Our previous work has shown that biomarkers including small molecules (small non-coding RNAs (sncRNAs)) change in diseased canine cruciate ligaments and joint fluid compared to normal tissues. These biomarkers are measurable indicators of a tissue’s physiological state and could be used in canine cranial cruciate ligament disease as diagnostic targets as well as leading to future therapies for dog breeds at a high risk to cranial cruciate ligament disease.

We will therefore use the surplus knee joint synovial fluid obtained as part of routine clinical investigations from non-clinically affected low and high-risk dog breeds to cranial cruciate ligament disease such as Greyhounds and Labrador Retrievers respectively to help identify these diagnostic markers in this study.

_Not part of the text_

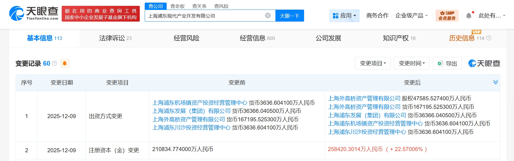 天眼查App显示,近日,上海浦东现代产业开发有限公司发生工商变更,注册资本由约21.1亿人民币增至约25.8亿人民币,增幅约23%。
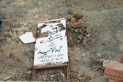 “The police were unaware of the incident till late Monday night and lodged a case against some unknown persons after keeping the community lawyers waiting for many hours,” says a community representative. Hitting the Ahmadi worship places and forcing them to remove Islamic verses and names, which they are forbidden to use according to Section 298 A, B, and C of Pakistan Penal Code, has become a tool to harass and persecute them. According to investigations into some of the cases of vandalism in different parts of the country, such acts of harassment and persecution are systematically done by organised groups of clerics and locals having connections with anti-Ahmadi extremists groups. In July, 2012, a local cleric Tufail Raza, claiming his association with the Khatme Nabuwwat Lawyers Forum, reportedly, approached Liaquatabad police station seeking the removal of Islamic inscriptions from tombstones at this particular Ahmadi graveyard which was established in 1980. “The police did not follow up on the application,” says Shahid Ataullah, a local representative of the community. “Later, another group of these mischievous elements moved the local court and in October, the Additional District and Sessions Judge Lahore had disposed of this case, asking the police to follow the law.” So what happens that the job of the state is taken up by some members of society and they don’t even get punished? “A police case was

Professors Eithne Comerford, Mandy Peffers and Dr. Yalda-Ashraf-Kharaz

Identification of biomarkers in the knee joint fluid from dogs that could be used of identify meniscal injuries

October 2019

5 years initially

In this study, we will identify specific protein breakdown products (metabolites) from the tissues within the knee which can act as indicators of health and disease (biomarkers) within the joint (synovial) fluid using novel technology. We aim to identify diagnostic biomarkers that could be developed into a cheap and reliable ‘kennel-side’ test avoiding unnecessary surgeries as well as being potential future treatment targets for this condition.

We will collect surplus knee joint fluid from non-clinically affected dogs with cranial cruciate ligament disease or meniscal injuries as part of this study.